**Required work**: Reproduce exactly, and only, the lines below from the one containing "D’où proviennent le" through the one containing "Ce chausson avec".

═════ Data excerpts ═════

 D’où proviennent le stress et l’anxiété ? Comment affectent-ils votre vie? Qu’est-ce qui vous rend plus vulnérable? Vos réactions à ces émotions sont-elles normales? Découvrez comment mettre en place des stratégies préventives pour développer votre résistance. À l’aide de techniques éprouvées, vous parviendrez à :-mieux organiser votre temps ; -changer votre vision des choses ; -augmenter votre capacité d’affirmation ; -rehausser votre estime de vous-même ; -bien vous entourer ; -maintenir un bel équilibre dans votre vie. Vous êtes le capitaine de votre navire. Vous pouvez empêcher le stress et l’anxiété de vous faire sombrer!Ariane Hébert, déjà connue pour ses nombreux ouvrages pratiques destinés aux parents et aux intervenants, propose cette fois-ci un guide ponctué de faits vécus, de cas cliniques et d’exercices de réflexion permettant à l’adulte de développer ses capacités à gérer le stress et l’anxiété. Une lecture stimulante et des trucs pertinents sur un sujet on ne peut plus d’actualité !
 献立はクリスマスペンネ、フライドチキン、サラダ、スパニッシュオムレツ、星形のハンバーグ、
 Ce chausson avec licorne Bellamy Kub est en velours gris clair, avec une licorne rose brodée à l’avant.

═════
═════ Data excerpts ═════

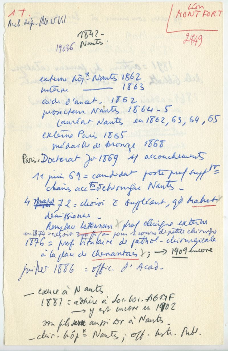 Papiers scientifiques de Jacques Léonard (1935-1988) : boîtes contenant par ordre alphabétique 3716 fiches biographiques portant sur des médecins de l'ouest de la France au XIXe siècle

═════

**Exercise response**:
 D’où proviennent le stress et l’anxiété ? Comment affectent-ils votre vie? Qu’est-ce qui vous rend plus vulnérable? Vos réactions à ces émotions sont-elles normales? Découvrez comment mettre en place des stratégies préventives pour développer votre résistance. À l’aide de techniques éprouvées, vous parviendrez à :-mieux organiser votre temps ; -changer votre vision des choses ; -augmenter votre capacité d’affirmation ; -rehausser votre estime de vous-même ; -bien vous entourer ; -maintenir un bel équilibre dans votre vie. Vous êtes le capitaine de votre navire. Vous pouvez empêcher le stress et l’anxiété de vous faire sombrer!Ariane Hébert, déjà connue pour ses nombreux ouvrages pratiques destinés aux parents et aux intervenants, propose cette fois-ci un guide ponctué de faits vécus, de cas cliniques et d’exercices de réflexion permettant à l’adulte de développer ses capacités à gérer le stress et l’anxiété. Une lecture stimulante et des trucs pertinents sur un sujet on ne peut plus d’actualité !
 献立はクリスマスペンネ、フライドチキン、サラダ、スパニッシュオムレツ、星形のハンバーグ、
 Ce chausson avec licorne Bellamy Kub est en velours gris clair, avec une licorne rose brodée à l’avant.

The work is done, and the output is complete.